Dataset excerpt Block Start
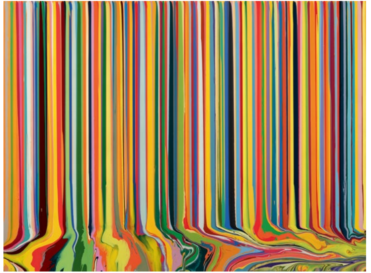
3433 IAN DAVENPORT Colourcade: Orange and Yellow. 2015. Acrylic on stainless steel, on aluminium. 150 × 200 cm (2 parts). CHF 60 000 / 80 000

Over 400 lots will be offered in the Jewellery auction on 29 November, including several unmounted stones that of outstanding quality and size, such as a Paraiba tourmaline of over 22 ct. (lot 2347, CHF 280 000 / 380 000), and a cabochon emerald of an impressive 176.24 ct. (lot 2133, CHF 250 000 / 350 000). The Watches auction on 27 November features a Patek Philippe platinum men's wristwatch from 1944 that may well be the only one of its kind ever made (lot 2861, CHF 120 000 / 180 000). And for the first time, Koller will offer a private Swiss collection of luxury writing instruments in a special sale entitled ' Fountain Pen Fascination '. Among the over 200 lots in the 27 November auction are rare examples from Dunhill-Namiki (lot 1185, CHF 20 000 / 30 000) and Montblanc (lot 1132, CHF 30 000 / 50 000).
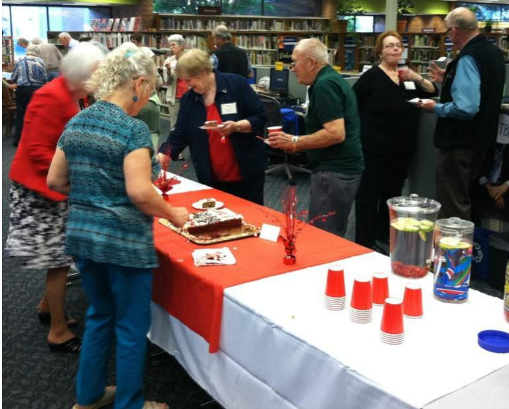
The refreshments and cake table at the Olympia Genealogical Society’s 40th Anniversary open house and reception provided a convenient location for members old and new to meet, greet, and discuss their research.
Dataset excerpt Block End
Prompt:
Repeat all of the material above exactly, leaving out pictures.

Answer space:
3433 IAN DAVENPORT Colourcade: Orange and Yellow. 2015. Acrylic on stainless steel, on aluminium. 150 × 200 cm (2 parts). CHF 60 000 / 80 000

Over 400 lots will be offered in the Jewellery auction on 29 November, including several unmounted stones that of outstanding quality and size, such as a Paraiba tourmaline of over 22 ct. (lot 2347, CHF 280 000 / 380 000), and a cabochon emerald of an impressive 176.24 ct. (lot 2133, CHF 250 000 / 350 000). The Watches auction on 27 November features a Patek Philippe platinum men's wristwatch from 1944 that may well be the only one of its kind ever made (lot 2861, CHF 120 000 / 180 000). And for the first time, Koller will offer a private Swiss collection of luxury writing instruments in a special sale entitled ' Fountain Pen Fascination '. Among the over 200 lots in the 27 November auction are rare examples from Dunhill-Namiki (lot 1185, CHF 20 000 / 30 000) and Montblanc (lot 1132, CHF 30 000 / 50 000).
The refreshments and cake table at the Olympia Genealogical Society’s 40th Anniversary open house and reception provided a convenient location for members old and new to meet, greet, and discuss their research.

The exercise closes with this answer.